On Boolean datatype in SQL and beyond
September 16, 2010
The question if
Boolean is a legitimate SQL datatype is the source of long debates; witness the 10 years long discussion at Ask Tom, for example. Here is my perspective.
To begin with, what is Boolean datatype, and why it is ubiquitous in each and every procedural programming language? Mathematically, depending how you look into it, Boolean objects form a ring or lattice. Then, any algebraic system prompts a datatype. We have integers (of finite and infinite precision), floating point numbers (as bastardized version of reals), alphanumeric strings, complex numbers, vectors, matrices, and so on. Boolean is just yet another type among many (and not the one that is terribly hard to implement, either).
However, relational databases are different. Relations are predicates and the simplest form of predicate is a proposition. For example, the assertion “Employee ___ has been hired at ___” is a binary predicate, while “Employee SCOTT has been hired at 01/01/2010” is a proposition. What values does a proposition have? Here, you have it: True and False. The relations whose values are True and False are sometimes known in database world under colorful names of
DUM, but practitioner would have hard time finding anything of resemblance in his favorite RDBMS. The takeout lesson here is that if we allow propositional values of relational attributes then, perhaps, why don’t we allow predicates as well? This leads us to the old idea of nested relations.
Let’s get back to earth, and borrow an example from the above Ask Tom discussion. Consider the Boolean attribute
IS_CREDIT_WORTHY of the relation
CUSTOMERS. This is sloppy database design: it is obvious that for credit agency this Boolean attribute is calculated, while genuine customer data contains credit score. Given a relation
CUSTOMER with attribute
CREDIT_LIMIT one can always make a view
create view CREDIT_WORTHY_CUSTOMERS as
select * from CUSTOMERS where CREDIT_LIMIT > 0
Therefore, I interpret all these pleas for Boolean datatype as “I’m too lazy (or impatient) to do proper database design, please give us Boolean shortcut. (After all, you have stuffed RDBMS with other things that don’t fit there, like Blob, XML and Java!)”. Customer is always right isn’t e?

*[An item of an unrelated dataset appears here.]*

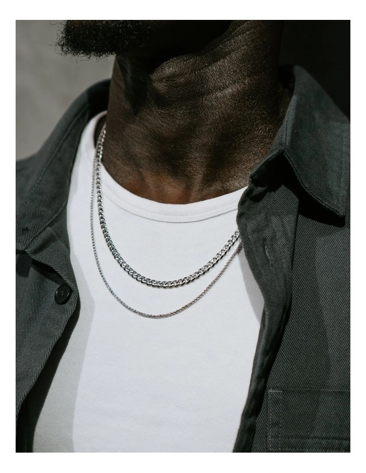 Introducing our best selling layered necklace set which includes our Josh Cuban 5mm Chain and Bruno 3mm box Chain in Silver. These similar chain link styles compliment each other perfectly and at a bundled discount they make for the perfect gift for yourself or someone else.
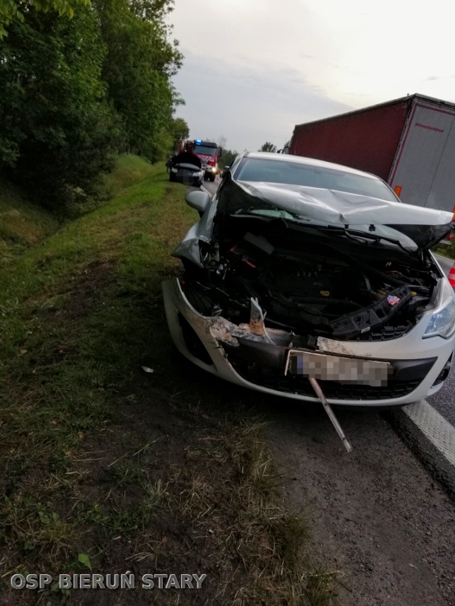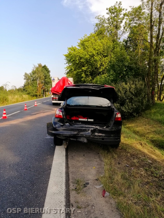 26 sierpnia około godziny 15:450 dyżurny SKKM PSP Tychy otrzymał zgłoszenie o zdarzeniu drogowym na ulicy Warszawskiej (DK 44) w Bieruniu. Ze zgłoszenia wynikało, że doszło do najechania na tył poprzedzającego pojazdu. Na miejsce zdarzenia zadysponowane zostały zastępy OSP Bieruń Stary (GBA) oraz JRG Tychy (GBA, SCRt) oraz patrol Policji. Po przybyciu na miejsce strażacy zabezpieczyli je, udzielili kwalifikowanej pomocy przedmedycznej jednej z uczestniczek zdarzenia oraz przystąpili do neutralizacji plamy płynów eksploatacyjnych. Na miejsce dodatkowo zadysponowany został zespół PRM, który zaopiekował się poszkodowaną. Z ustaleń pracujących na miejscu Policjantów wynika,, że kierowca Opla nie zachował ostrożności i uderzył w tył Forda. Na szczęście nikomu nic poważnego się nie stało. W miejscu zdarzenia wprowadzony został ruch wahadłowy. Po wykonaniu dokumentacji przez pOlicjantów uszkodzone pojazdy zostały odholowane, a ruch przywrócony.

And, finally, returning back to asktom discussion, what about [PL/SQL] function which returns a BOOLEAN: how such a function can be leveraged in a SQL query without BOOLEAN datatype available? Suppose this function takes two parameters DEPTNO and DNAME and returns TRUE if a department with such attributes exist. One may argue that whatever this function does, table function constructing a set of tuples with valid DEPTNO and DNAME can do as well. There is one important caveat, though: database relations are finite. Pipelined table functions can accommodate infinite relations, so any database query with some boolean function in the select operator (AKA SQL WHERE clause) can be expressed as an equivalent query against a view supported by pipelined function. A function which returns BOOLEAN can be viewed as an index over a relation specified by pipelined function. This perspective goes quite beyond SQL idiosyncrasies, which I touched in this article.